I sense my sisters edging closer. “What else do you want?”
“You. I want all of you. I want you to be mine. Forever.” Dominic holds out his hand and somehow, out of nowhere, there’s a ring pinched between his fingers, a diamond glinting in the overhead lights of the bars. “I’ve met a lot of people in a lot of different places and never in all my years have I met someone who makes me feel like you do. We aren’t just cut from the same cloth, we’re heading in the same direction and I would be a fool to let a jewel like you slip through my fingers because I’m scared of what would happen if I lost you.”
I’m staring at the ring. Mouth open. The whole bar wavers as if I’m underwater as tears well up in my eyes.
Dominic gets down on one knee. “Will you marry me, Dakota? Will you be the one to love me and set me free?”

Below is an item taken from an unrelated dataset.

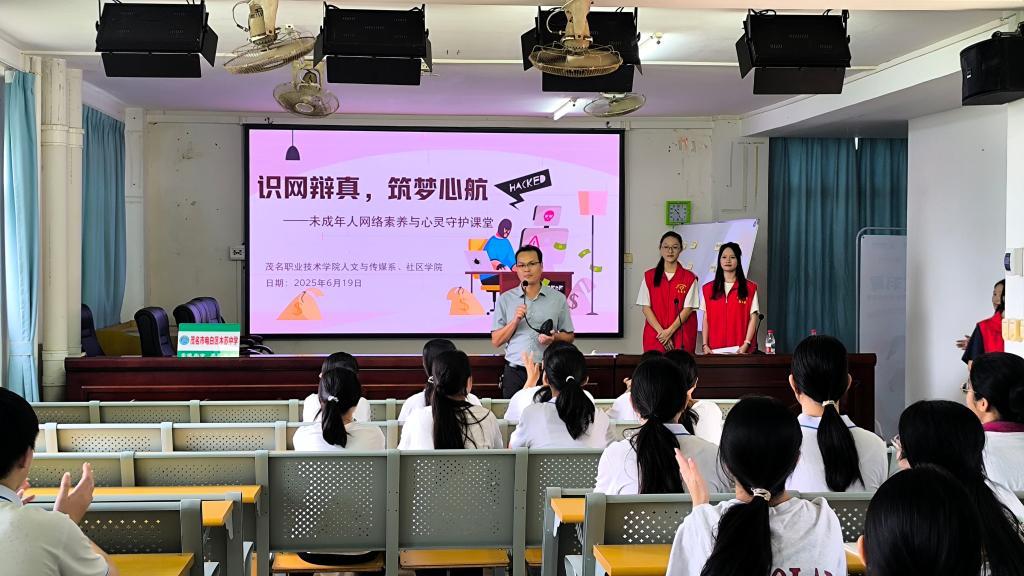 为提高未成年人安全、健康、文明上网能力,6月19日,茂名职业技术学院人文与传媒系联合社区学院、电白区沙院镇社工站,在沙院镇木苏中学举办主题为“识网辩真,筑梦心航”的未成年人网络素养与心灵守护课堂活动。

“This is crazy,” I whisper and glance from his hopeful face to where Maya and Chelsea have come up near the bar. They’re grinning like idiots and I realize that I am, too. I look back at Dominic without saying a word.

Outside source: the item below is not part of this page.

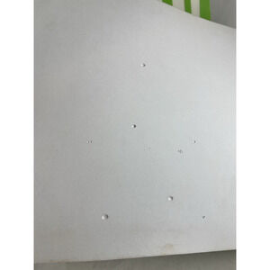 They are showing some signs of use and age. There are some light stubborn random discolorations, a dent in the top of one mat and the top green portions of a couple placemats are beginning to separate from the foam centers, as shown. Any attempt at repair/regluing is being left to customer.

“You’re killing me here,” he says with a pained expression.
I laugh and the tears fall. “Yes. Yes, I’ll marry you.”
My sisters squeal as Dominic slides the ring onto my finger. He swoops me up in a giant hug and swings me around while everyone cheers and claps. “Were you able to get everything ready?” he asks Maya and Chelsea. I turn to him in confusion.
“Yep,” says Maya.
“It’s all out in the car.” Chelsea grins at me with her biggest older sister smile.
“What’s going on?” I ask.
“You didn’t make it to Vegas last time. I thought you’d want to go.” Dominic smiles at me, that wide, swoon-worthy smile that makes me shiver.
“Now?”
“Yep. Want to get married?”
“In Vegas?” I’m smiling. “Now?”
“As soon as we get there.”
“This is crazy.” I look at my sisters who are beaming at me. And then I look at Dominic and my heart melts and my soul starts flying.
“So is that a yes?” The look on his face tells me that he knows it is.
“Take me to Vegas, baby.”
I holler at Big Jake. Tell him I quit. He just shrugs and lumbers his big ass behind the bar and starts taking orders. I hug my sisters and can’t decide if I want to thank them for keeping it a secret or yell at them. In the end, I just squeeze them tight.
“Is this right?” I ask them as we huddle in our London sister clump.
“Do you even have to ask?” Chelsea smiles down at me.
I smile and shrug. “I just need to hear you say it.”
“I’ve never seen anything more right in the world. Go. Be with the man you love. Marry him and live your crazy life.”
Maya’s nodding her agreement, tears sliding down her cheeks. I hug them both one last time before tucking myself back into Dominic’s arms. He leads me outside where there’s a car waiting with our bags packed and filling the trunk. He kisses me, slow and sweet, filled with need and longing.
“Thanks for being my happily ever after,” he whispers and kisses my forehead.
I look up at him, my heart swollen with a love so strong it hurts. “Thank you for being my everything.”